#1258/3137 空中分解2
★タイトル (DRH ) 91/11/ 5 18:16 ( 40)
「心の扉」 /Tink
★内容
「また、いつか会えるといいね」
それが隆明の最後の言葉だった。カフェテラスの大きなウインドウから空を覗くと、
いつのまにか、週末の、どんよりと重い空からは大粒の雨がこぼれ落ちてきていた。
美夜はこぼれ落ちそうになる涙を必死にこらえながら、軽く宙をにらむ。
何かを言いたかった。しかし、軽く開いた唇からは、何も言葉を発することが出来
なかった。ただ、それが悲しくて、とても悔しくて、一粒の涙がテーブルへと落ちて
弾けた。
頭の中には隆明の優しい笑顔と、楽しかった思い出だけが浮かび、そして消えてい
った。
重い沈黙の中、ただ、隆明の煙草の煙りだけが、寂しげに宙に漂っていた。
★
部屋に帰って来てから、ゆっくりと流れて行く時の長さに美夜は、軽い失望感を覚
えていた。
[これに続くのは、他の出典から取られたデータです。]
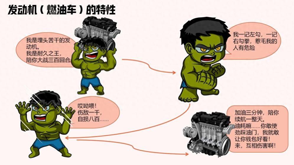 從發動機和電機的工作特性上出發,并將它們抽象成漫威角色會更便于理解。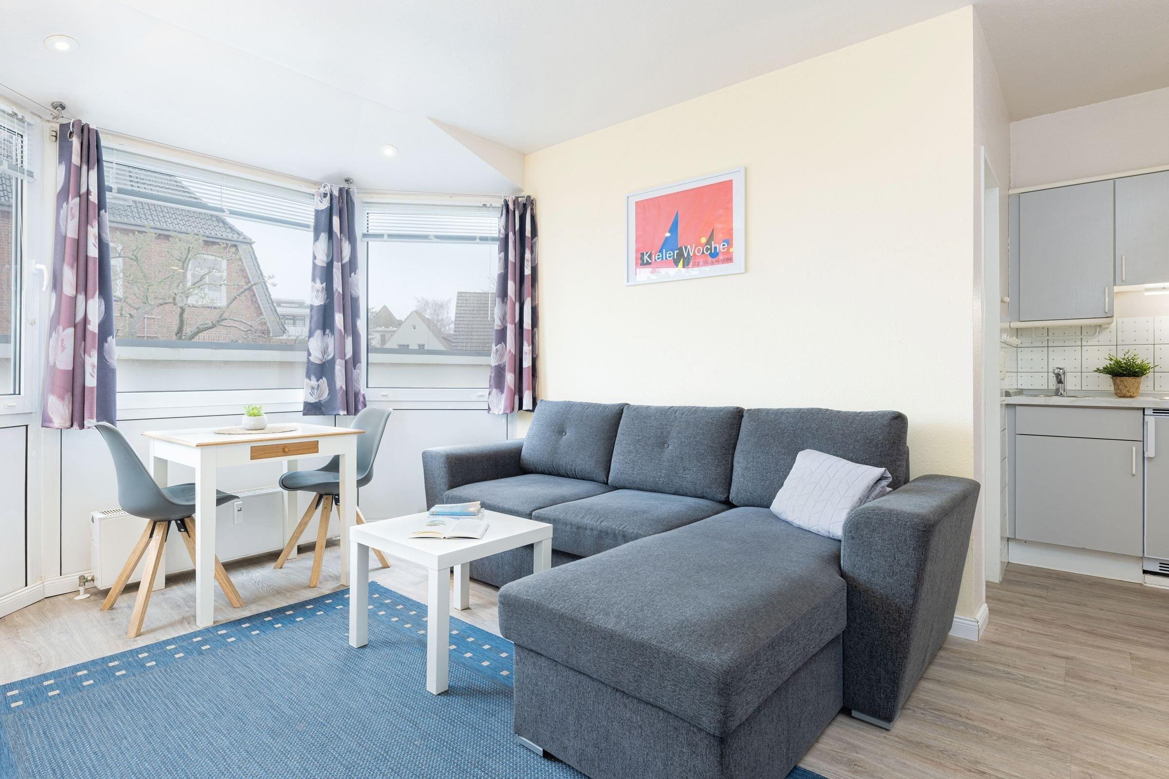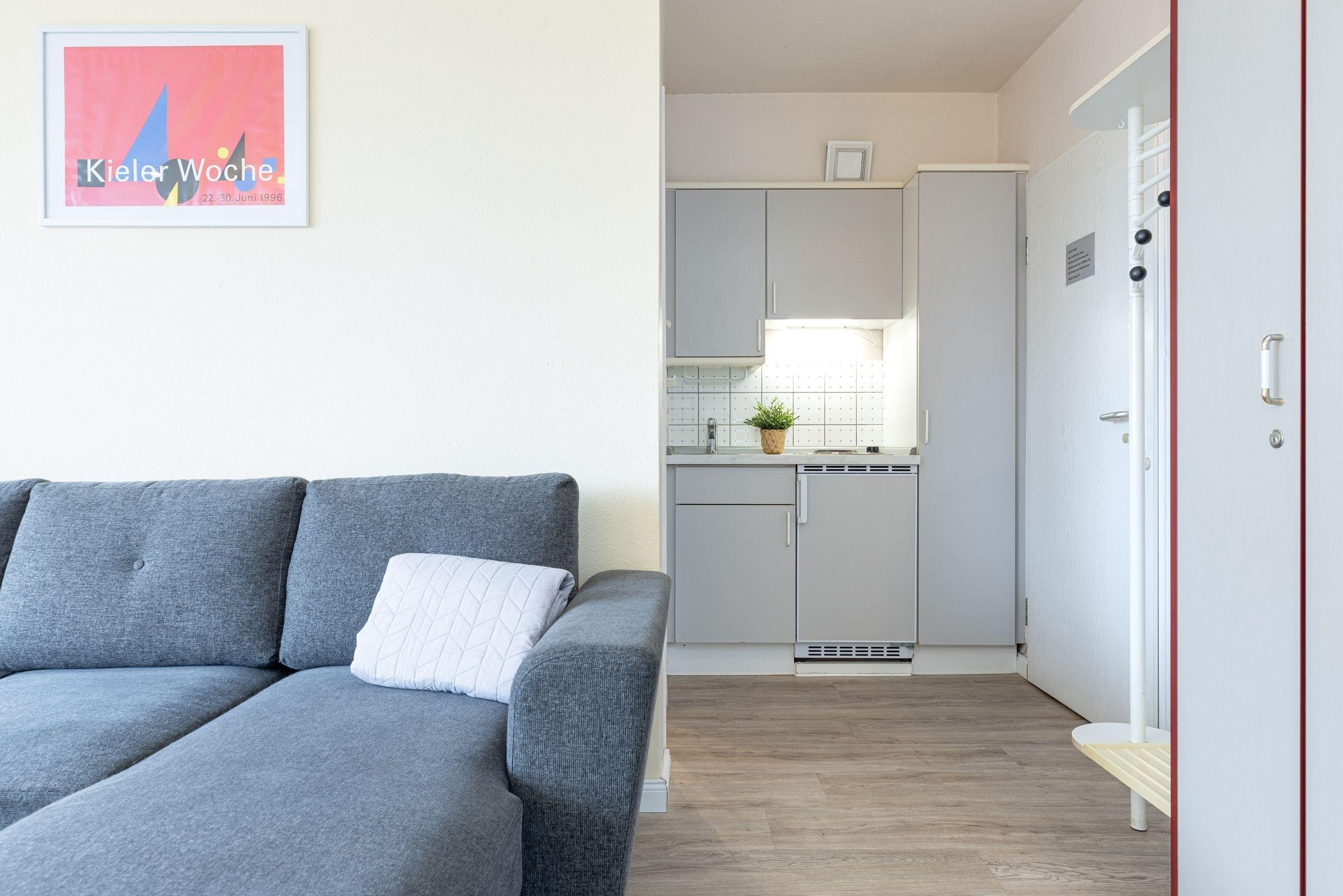 In diesem gemütlichen eingerichteten Appartement wohnen Sie in der 1. Strandreihe. Sie befinden sich hier nur wenige Schritte vom Strand und der Kieler Förde entfernt. Auf ca. 22 m² Wohnfläche befinden sich ein kombinierter Wohn- und Essraum mit Schlafsofa, TV, Essecke sowie eine offene Küchenzeile.

煙草の先にゆっくりと火をつけるといつの間にか涙が溢れていた。
一緒にスキーに行きたかった。彼の笑顔をずっと見ていたかった。ずっと一緒にい
たかった。楽しかったあの頃のまま時が止まってくれればよかったのに……。
そんな思いだけが渦巻いていた。
悲しかった。流れ落ちてくる涙も拭かずに宙に漂う煙りだけを見つめていた。
ぽっかりと開いた心の隙間に、いつのまにか開くことのできない小さな扉があるこ
とに気がついた。抽象的な意味での扉。それが一体何なのか美夜には分からなかった。
それから何日か眠れない夜が続いた。
無気力な自分をなんとかしたくて、どうにもできなくて、美夜は大きく溜息を一つ
ついた。長かった髪の毛もばっさりと切り、短く揃えた前髪を軽く弾くとゆっくりと
キッチンへと向かう。
トーストをオーブントースターで焼いている間にシナモンティを入れる。そして、
焼きたてのトーストにバターを塗った。
少しも食欲なんてなかったけれど、少しは食べないと身体が持たないと自分に言い
聞かせ少しトーストをかじった。シナモンの香が部屋中に拡り、流し込むようにトー
ストとシナモンティを平らげると、煙草に火をつける。
壁に掛かっている時計の秒針の音だけが部屋中に響き渡っている。
寂しかった。自分と言う人間の小ささに美夜は改めて気がついたような気がした。
心の扉、閉ざしてしまった扉の意味を考える。それは夢の扉なのか、それともまっ
たく別の扉なのかはわからなかったが、その扉を再び開けることができれば。いや、
いつか再び開けた時には、今までの自分に再び戻れるだろうと美夜は思った。